In their latest issue, their annual “Gear Guide”, you will note that BACKPACKER continues to walk hand-in-hand with mainstream manufacturers while nearly completely omitting anything having to do with the ultralight backpacking movement. To be applauded, BACKPACKER recognized Henry Shires with Tarp Tent (http://www.tarptent.com/), briefly commented on GoLite (http://www.golite.com/) and Granite Gear (http://www.granitegear.com/), and mentioned Gossamer Gear (http://www.gossamergear.com/) only by name. To be discouraged, BAKCPACKER barely mentioned these guys and otherwise completely omitted the contributions by ULA-Equipment (http://www.ula-equipment.com/), Six Moon Designs (http://www.sixmoondesigns.com/), Mountain Laurel Designs (http://www.mountainlaureldesigns.com/), Backpacking Light (http://www.backpackinglight.com/), Titanium Goat (http://www.titaniumgoat.com/), and many, many others. All of these small cottage industry manufacturers offer great niche products for the lightweight and ultralight backpacking community and it is very unfortunate that BACKPACKER remains with their palms so greased by the mainstream group of manufacturers that they can’t even merely recognize the contributions of the cottage industry.

One of the reasons this irks me so much is because of an observable trend noted by the mainstream industry which clearly shows a movement towards redesigning gear and offerings more towards those which have been offered for quite some time by the small, yet quality-driven, lightweight backpacking cottage industry. Gear is getting lighter – as common sense agrees for anyone who needs to lug the load. I will be extremely disappointed when total knock-offs of these products are produced by The North Face, REI, Mountain Hardwear, etc., which I fear is something we can expect in the future….all while many of these small companies function wholly out of their homes or garages and could lose their footing fairly quickly if the mainstream companies choose to permanently borrow their designs and insight.

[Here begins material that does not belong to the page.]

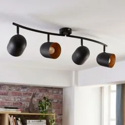 LAMPENWELT Plafonnier à Intensité Variable ‘Yos’ En Métal Pour Chambre à Coucher – Noir, Doré Brossé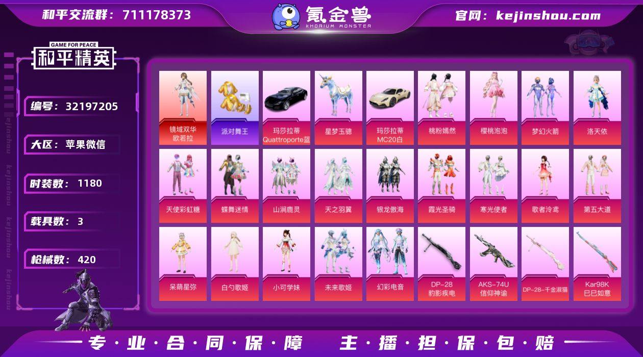【新年特价出售】热力值:150564,收藏分:118437,1神装,21粉装,14粉枪,3载具,38粉色战备,316套装,420枪械,535装备,19滑翔尾翼,130降落伞,绝世收藏家:90级;等级:Lv.73 历史最高段位:绝世王牌13星 当前段位:坚韧.铂金Ⅴ;王牌印记19次 卓越印记5次 传奇印记2次 绝世印记1次; 【热门品类】:镜域双华-欧若拉[5级],套装-SS1特训,套装-派对舞王,套装-忍者信条,套装-粉红小猪,套装-浪漫波比,套装-龟仙人,角色-Mark.06,小恶魔头饰,熔岩游骑兵面罩,熔岩游骑兵连帽夹克,绝对防御上衣;【红色套装】:镜域双华-欧若拉[5级];【粉色套装】:粉装-天使彩虹糖,粉装-梦幻火箭,粉装-蝶舞迷情,粉装-向日葵,粉装-山涧鹿灵,粉装-天之羽翼,角色-洛天依,粉装-银龙傲海,粉装-霞光圣骑,粉装-寒光使者,角色-歌者泠鸢,角色-小可学妹,角色-呆萌星弥,角色-白勺歌姬,粉装-第五大道,粉装-未来歌姬,粉装-桃粉嫣然,角色-樱桃泡泡,粉装-幻彩电音,角色-奇迹舞步美雪,角色-奇迹舞步雅雅;【粉色枪械】:SCAR-L-金蛇镇世[3级],AUG-暖羊咩咩[5级],AKM-炫紫旋律[4级],M416-五爪金龙[7级],Kar98K-巳巳如意[5级],Kar98K-圣域龙灵[1级],M24-镜域双华[3级],Mk14-樱桃泡泡[7级],Mk14-精灵梦叶罗丽[1级],AKS-74U-信仰神谕[5级],DP-28-千金淑猫[3级],DP-28-豹影疾电[5级],MG3-洛神天依[4级],烟雾弹-电雾迷城[5级];【粉色载具】:星梦玉骢,玛莎拉蒂Quattroporte(夜幕蓝),玛莎拉蒂MC20(星石白);【粉色滑翔尾翼】:歌者泠鸢飞行器,镜域双华-灵镜之阶,万象金身飞行器,太空嘟嘟飞行器,炫彩糖果飞行器,幽焰列车飞行器[1级],深渊漩涡飞行器,提桶跑路飞行器,星夜魔法师飞行翼;【粉色降落伞】:齐天大圣降落伞,潮汐统领降落伞,奇迹舞步降落伞,白勺歌姬降落伞,锦绣火鲤降落伞,梦幻火...

The reality of this happening is real if for no other reason that many cottage industry manufacturers have decided NOT to patent their designs as they are more concerned with people like you and I being able to succeed on our own instead of their profit margin. Henry Shires (http://www.tarptent.com/) remains a good example of this as his tarp tent design has been on the internet for years - provided by him. Of course, it is doubtful that any of these small fish could fight the big fish if it came down to a legal review of patent law.

Following receipt of the BACKPACKER 2009 Gear Guide, I felt inclined to write the editor of BACKPACKER merely to encourage them to be fair to the smaller cottage industries especially when the format is assumed to be a collective gear review. No one is asking for free advertisements, just an unbiased review of all available gear as implied by their magazine. I encourage you to do the same.

I voiced this same sentiment to Henry Shires (http://www.tarptent.com/) and he correctly mentioned that he spends nearly no money on advertising and that his business has solely grown through word of mouth. While this is completely true for both Mr. Shires and others, BACKPACKER knows these cottage industry manufactures exist; they just choose not to include them in most cases. Again, this is very unfortunate.

Backpacking as a whole is about getting in touch with your true self – the self that doesn’t need to be overly concerned with money, possessions, or even the burdens of life. I’ve had more honest heart to heart discussions with people on the trail than nearly any other place I can recall and in many cases these conversations were with nearly complete strangers. My point is that the backpacking industry in many ways is grounded on purity, integrity, and honesty. In my eyes, I don’t think asking these things of BACKPACKER is too much.